= Jose ben Kisma =

Jewish Tanna sage of the 3rd generation

Jose ben Kisma or Yose ben Kisma (יוסי בן קיסמא) was a Jewish Tanna sage of the third Generation.

==Biography==
He held moderate views, and had objected the rebellion against the Roman Authority. In that conjunction, the Midrash depicts a debate between him and Rabbi Haninah ben Teradion, one of the Ten Martyrs, over studying Torah in violation of the Roman prohibition.
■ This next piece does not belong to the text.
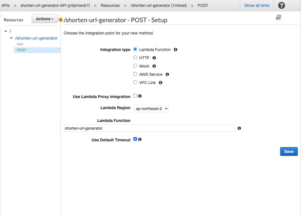 POST setup에서 Integration type은 Lambda Function으로 둔다.

The Midrash describes that when Jose ben Kisma died, the greatest of Rome came to bury him, and when they returned from his tomb, they found Haninah ben Teradion teaching Torah in public, and had executed him by conflagration.

The following story by Yossi ben Kisma is recorded:

Once I was walking by the way, and there met me a man, and He greeted me; and I returned his greetings. He said to me, Rabbi, from what city art thou? I said to him, From a great city of sages and scholars, am I. He said to me, Rabbi, should it be thy wish to dwell with us in our place, and I will give thee thousand of thousands of dinars and gold, and goodly stones, and pearls. I said to him, If thou should give me all the silver, and gold, and goodly stones, and pearls in the world, I would not dwell but in a place of Torah; and thus it is written in the book of Psalms, by the hands of David, king of Israel:'The law of thy mouth is better to me than thousands of gold and silver (Psalms 118:72)'."

Jose (Joseph) ben Kisma is said to have been buried in Meron, at a place "between the vineyards."